Here’s where things get fun. Both McCann and Beltrán played for the Yankees from 2014 to 2016 before joining the Astros in ’17. It was Beltrán who, according to multiple sources, told the Astros that their sign-stealing methods were “behind the times.”

What hasn’t been fully explained is Beltran’s frame of reference for that claim. The Yankees, along with the Red Sox, are one of the primary teams mentioned frequently in conjunction with the Astros as pertains to sign stealing. The Athletic reported on New York’s own video-room decoding of signs back in 2015. That misstep has received less attention in part because the Yankees didn’t win the AL East let alone the World Series, and in part because, at the time, MLB hadn’t yet cracked down on its rules against electronic sign stealing.

Look no farther than Alex Cora—another former Astro who lost a managerial job for bringing Houston’s dark arts to the Red Sox—for a clue about what Beltran might have provided New York last year in his role as an adviser. After Boston gave up 29 runs in a pair of losses to the Yankees in London, Cora introduced Beltran’s name to the discussion.

What he said:

“I was joking with someone that [the Yankees’] biggest free-agent acquisition was Carlos Beltrán. I know how it works, you know? He’s helping a lot. They’re paying attention to details and we have to clean our details. It was eye-opening the last few days, from top to bottom. And I’m not saying devices and all that stuff, it’s just stuff that the game will dictate and will scream at people and is right there. Throughout the evening, I was looking and I saw it, you know? And right now, they’re a lot better than us, so we need to get better.”

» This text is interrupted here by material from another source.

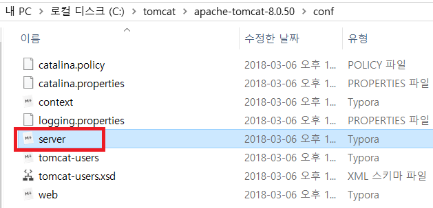 C:\tomcat\apache-tomcat-8.0.50\conf 로 들어간 후 server.xml파일을 열자

One doesn’t disqualify Beltran’s use of devices from a monologue that’s otherwise devoid of insinuation about Beltran’s use of devices without some sort of reputation already being in place.

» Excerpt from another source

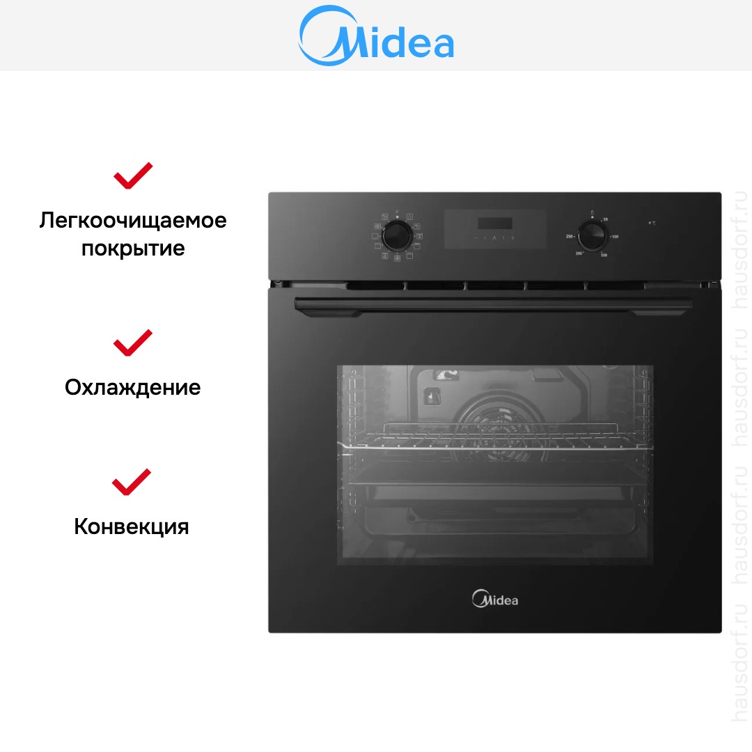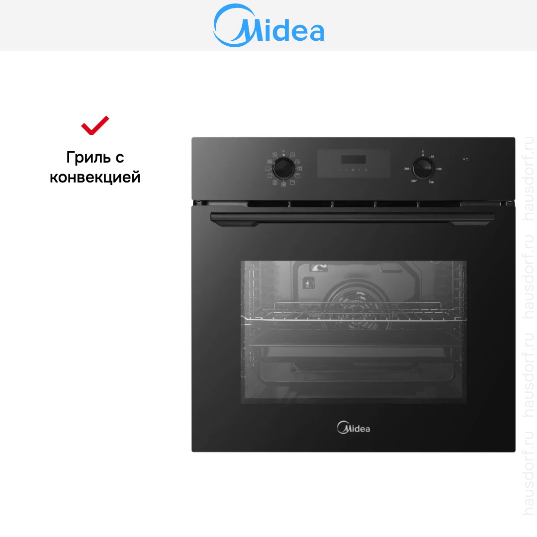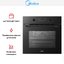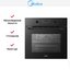 Духовой шкаф Midea MO69103GB — независимая электрическая модель, разработанная для встраивания в кухонную мебель и оптимизированная под повседневное использование. Его строгий черный корпус гармонично впишется в современный интерьер, а компактные габариты 59.5×59.5×57.5 см позволяют разместить прибор в стандартной нише размером 56×57×60 см. Откидная дверца с двойным стеклом сохраняет тепловую инерцию, а аккуратные утапливаемые регуляторы и сенсорные кнопки создают сбалансированный минималистичный образ.

Beltran has that reputation, for good and for bad. He has long been known for having a superb ability to decode signs naturally, simply by looking at them, which is a boon to any team he’s on.

Now he has another sort of reputation. It’s already cost him his job as the Mets manager, and we’re likely to learn more as details emerge. MLB has taken a number of hits over punishment for the Astros that’s been consistently lambasted as ineffectual, which makes one wonder whether they might pull fewer punches if it becomes clear that Beltran had a steady hand in helping two clubs flaunt the rules. Other Yankees being dragged down with him is a possibility, not to mention whatever comes of the ongoing investigation into the Red Sox. (For what it’s worth, Yankees GM Brian Cashman said that he doesn’t think Beltran did anything wrong while working for his team.)

In the meantime, players are getting to spring training and speaking out. And suing the team. Soon we’ll see whether opponents are willing to drill Astros players in response to this whole mess. And maybe we’ll find out just how culpable Beltran was, not only in Houston but in New York … and beyond.